Actor-Critic Methods

Define the $k$-step advantage estimator:

$\hat{A}_t^{(k)} = \sum_{l=0}^{k-1} \gamma^l \delta_{t+l} = -V_\phi(s_t) + r_t + \gamma r_{t+1} + \cdots + \gamma^{k-1} r_{t+k-1} + \gamma^k V_\phi(s_{t+k})$

The GAE estimator is the $\lambda$-weighted average:

$\hat{A}_t^{\text{GAE}} = (1-\lambda) \sum_{k=1}^{\infty} \lambda^{k-1} \hat{A}_t^{(k)} = \sum_{l=0}^{\infty} (\gamma\lambda)^l \delta_{t+l}$

When $V_\phi = V^\pi$ (perfect critic), all estimators are unbiased. When $V_\phi \neq V^\pi$, the bias of the $k$-step estimator is $O(\gamma^k \|V_\phi - V^\pi\|_\infty)$. longer rollouts reduce bias from an imperfect critic. The variance grows with $k$ because more random rewards are included. $\lambda$ interpolates between these extremes.

A perfect critic gives zero-variance advantage estimates via one-step TD. An imperfect critic introduces bias, which you can reduce by relying more on actual observed rewards (larger $\lambda$). GAE provides a smooth dial between trusting the critic ($\lambda = 0$) and trusting the data ($\lambda = 1$). In practice, $\lambda = 0.95$ is a common default.

Without GAE, you must choose between one-step TD (biased but stable) and Monte Carlo returns (unbiased but noisy). GAE gives a principled middle ground and is used in every modern policy gradient implementation, including PPO.

Define the probability ratio $r_t(\theta) = \frac{\pi_\theta(a_t|s_t)}{\pi_{\theta_{\text{old}}}(a_t|s_t)}$. The PPO-Clip objective is:

$L^{\text{CLIP}}(\theta) = \mathbb{E}_t \left[ \min\Big( r_t(\theta) \hat{A}_t, \;\; \text{clip}(r_t(\theta), 1-\epsilon, 1+\epsilon) \hat{A}_t \Big) \right]$

where $\epsilon$ (typically 0.1 to 0.2) limits how far the new policy can deviate from the old one in a single update.

Effect of the clipping:

• When $\hat{A}_t > 0$ (good action): the objective is $\min(r_t \hat{A}_t, (1+\epsilon)\hat{A}_t)$, capping the benefit of increasing the action probability
• When $\hat{A}_t < 0$ (bad action): the objective is $\min(r_t \hat{A}_t, (1-\epsilon)\hat{A}_t)$, capping the penalty reduction from decreasing the action probability

TRPO solves a constrained optimization problem (maximize surrogate subject to KL constraint), which requires second-order methods. PPO approximates this with a simple clipping trick: if the policy ratio moves too far from 1, the gradient is zeroed out, preventing destructively large updates. The result is a first-order algorithm that is nearly as stable as TRPO and much simpler to implement.

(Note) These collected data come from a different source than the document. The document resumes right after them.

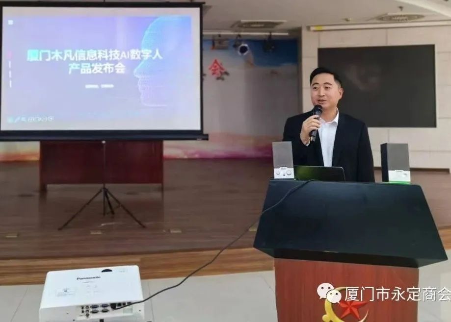 在热烈的掌声中,会长王锦森上台致辞,代表厦门市永定商会对“厦门木凡信息科技AI数字人产品发布会”的举办表示热烈祝贺,祝愿陈总事业兴旺,企业越办越好!并预祝发布会圆满成功。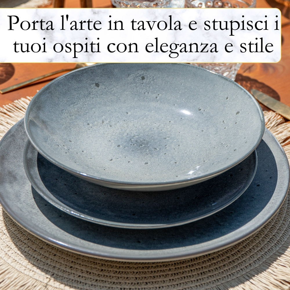 Servizio Piatti Da Cerimonia Detersivo Piatti Piatti Neri Moderni, Set Piatti 6 Persone In Ceramica - Elegante Servizio Piatti Manhattan, Adatti A Lavastoviglie E Microonde - Piatti Fondi Per Un'Esperienza Culinaria Unica - Pure Living Piatti Tognana Servizi Piatti Da Mangiare Linea Reactive Video del venditore Eleganza che Trasforma la Tavola - Lascia un'impressione indimenticabile con questo set piatti moderni da 18 pezzi dal design elegante Ogni piatto, con sfumature uniche e dettagli sofisticati, aggiunge un tocco di stile esclusivo, perfetto per cene speciali, occasioni eleganti o per arricchire la tua tavola quotidiana con un tocco di classe Bellezza, sostenibilità e sicurezza in un unico prodotto Facili da Pulire - Compatibili con microonde e lavastoviglie, questi piatti servizio da 6 ti permettono di riscaldare e servire con facilità, riducendo il tempo dedicato alla pulizia e rendendo ogni pasto un piacere senza pensieri Materiale Resistente - Realizzati in porcellana resistente ed atossica, questo servizio di piatti è la scelta perfetta per chi desidera prodotti sicuri per tutta la famiglia. Un set completo che ti permette di servire ogni pietanza con eleganza e praticità, perfetto per famiglie e ospiti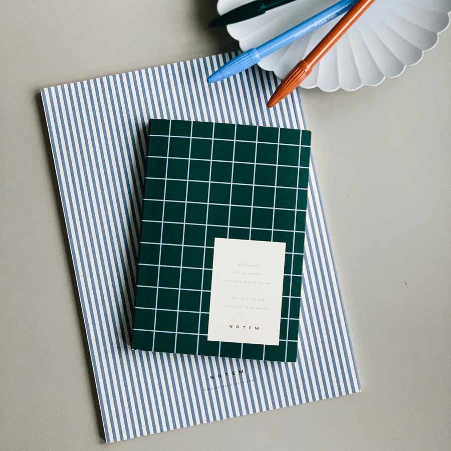 Ce joli carnet de notes Uma à la couverture quadrillée vert est composé de pages lignées. Idéal pour noter toutes vos to-do list, idées créatives, etc. La marque scandinave Notem présente ce cahier avec une reliure à plat et au format A6. Vous ne manquerez pas d'espace, car ce carnet possède 160 pages.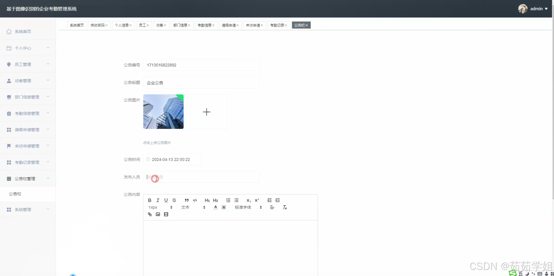 本研究旨在构建一个基于图像识别的企业考勤管理系统。通过该系统实现员工考勤的自动化管理,提高考勤信息的准确性和实时性。同时,将请假申请、访客来访等相关功能纳入系统,实现企业内部人员与外部访客管理的一体化。整合部门信息,方便企业进行组织架构管理,并且利用公告栏功能实现企业内部信息的高效传播,提升企业整体管理效率和信息流通的速度。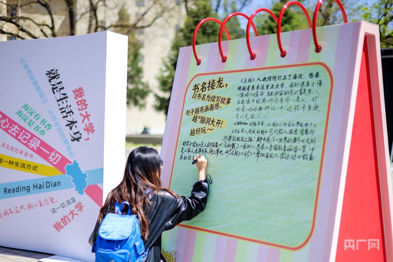 此外,现场还打造了《海淀是所大学校》打卡装置、书名接龙故事墙、旧书盲盒等沉浸式互动场景,促进以书会友、知识共享。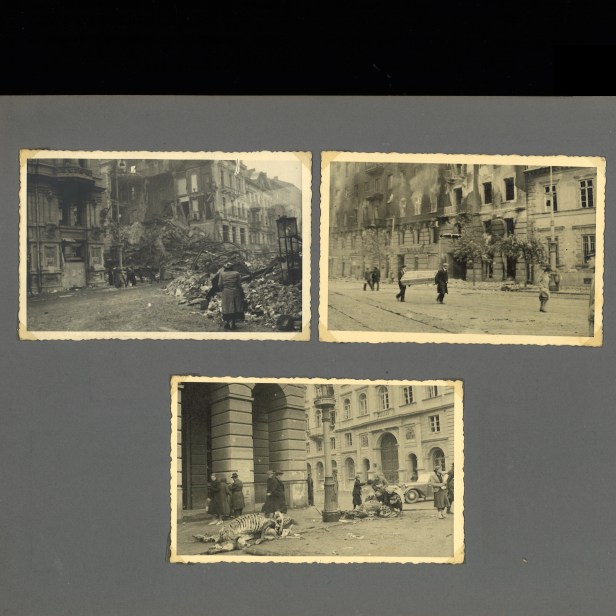 Sinnbilder der antijüdischen Vernichtungspolitik werden durch Aufnahmen von brennenden Synagogen und zerstörten jüdischen Geschäften Teil des Fotoalbums. Jüdinnen*Juden werden durch Bildkomposition und Zusatztexte als primitiv und bedrohlich repräsentiert – was einmal mehr den Versuch des Fotografen markiert, sich von einer vermeintlichen Andersartigkeit abzugrenzen und sich als überlegen zu positionieren. Ein Foto, auf dem jüdische Menschen zu sehen sind, die beschlagnahmtes Eigentum zum Quartier der Polizisten tragen, ist mit dem zynischen Satz „Juden bringen ihre Gastgeschenke!“ unterschrieben. Diese Beispiele verdeutlichen in eindrücklicher Weise die Perspektive des Erstellers auf das eigene Handeln. Aus heutiger Sicht irritiert das Verhältnis von Kriegsgewalt und Normalität bzw. Alltag, das auf den Seiten des Fotoalbums wie selbstverständlich zusammenkommt.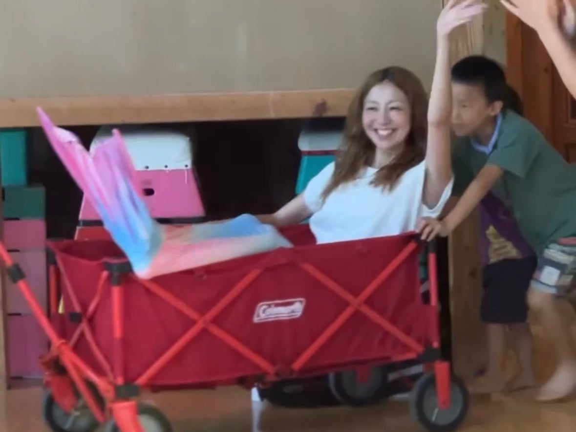 キャリーワゴンに乗って人魚の姿で登場したのは、同法人で活動している3児の母。子供たちと一緒に楽しむことが得意な講師が、まずは子供たちとの距離を縮めながら海に親しむ会がスタート。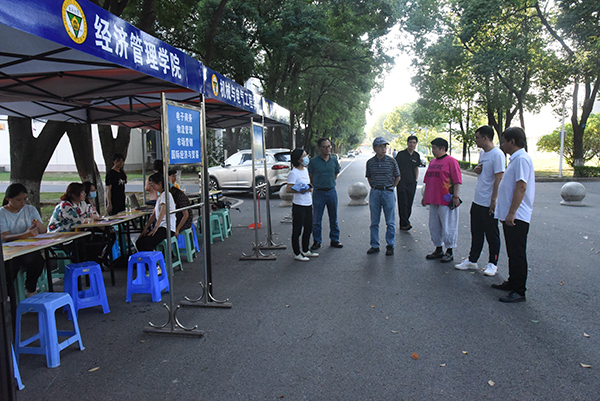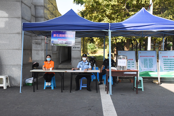 10月4号,各部门布置到位,院领导一行在报到现场详细了解学生报到前期准备工作。
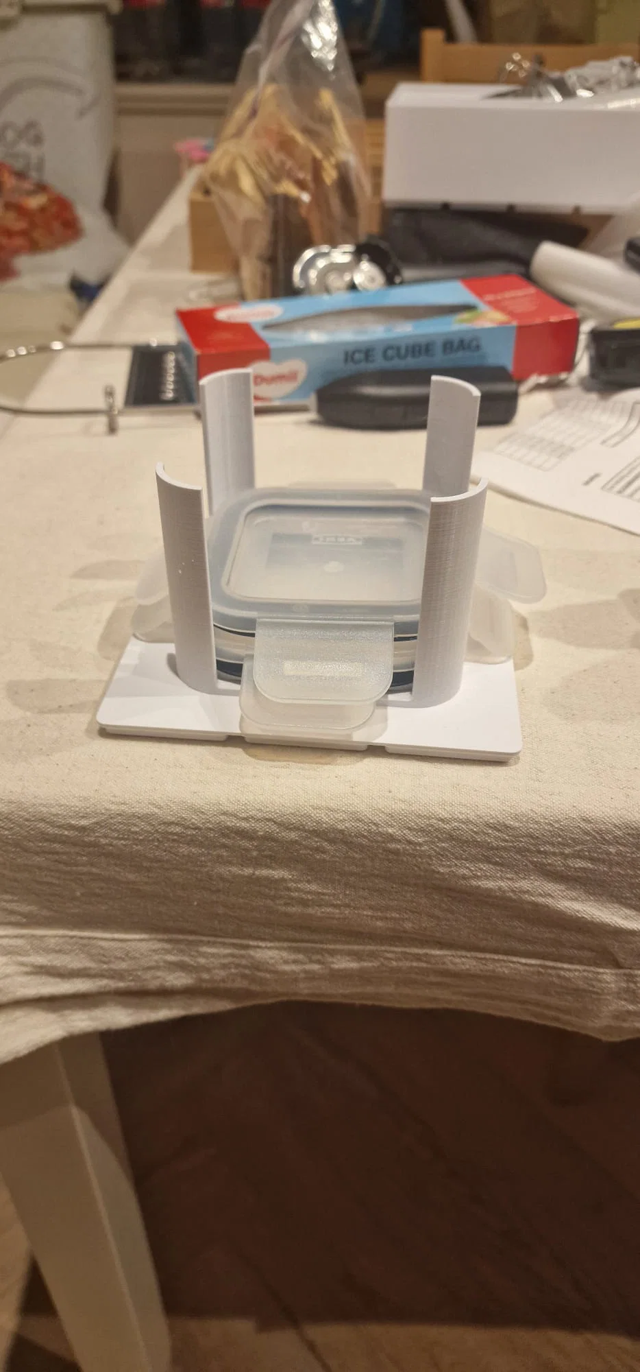 Nếu bạn đang sở hữu bộ hộp đựng thực phẩm Ikea 365+ và cảm thấy đau đầu vì những chiếc nắp nhựa cứ nằm vương vãi, lộn xộn trong ngăn kéo bếp, thì đây chính là giải pháp dành cho bạn. Mẫu thiết kế này được tạo ra để chuyên dụng cho việc giữ cố định các loại nắp hộp vuông của dòng Ikea 365+, giúp khu vực lưu trữ đồ nhà bếp của bạn trở nên gọn gàng, khoa học và thẩm mỹ hơn hẳn.

PPO is the algorithm used in RLHF for training instruction-following language models. Its simplicity (no KL constraint optimization, no conjugate gradients) makes it the default choice whenever policy optimization is needed. The clipping mechanism is the key innovation. It provides a soft trust region without the computational overhead of TRPO.

In maximum entropy RL, the objective augments the standard return with an entropy term:

$J(\pi) = \sum_{t=0}^{\infty} \gamma^t \mathbb{E}\left[ r_t + \alpha \, H[\pi(\cdot|s_t)] \right]$

The corresponding soft Bellman equation is:

$V^\pi(s) = \mathbb{E}_{a \sim \pi}\left[ Q^\pi(s,a) - \alpha \log \pi(a|s) \right]$

$Q^\pi(s,a) = R(s,a) + \gamma \mathbb{E}_{s' \sim P}\left[ V^\pi(s') \right]$

The optimal policy is the Boltzmann distribution: $\pi^*(a|s) \propto \exp(Q^*(s,a)/\alpha)$.

SAC adds a reward for being uncertain. The agent is encouraged to find all good actions, not just the single best one. This leads to better exploration and more robust policies. The temperature $\alpha$ controls how much randomness the policy retains. high $\alpha$ means more exploration, low $\alpha$ approaches the standard (deterministic) optimal policy.

SAC achieves state-of-the-art performance on continuous control benchmarks (robotic locomotion, manipulation). Its key advantages: (1) it is off-policy (uses a replay buffer, so it is sample-efficient), (2) the entropy bonus provides automatic exploration, and (3) it avoids the brittle hyperparameter tuning of epsilon-greedy or noise-based exploration.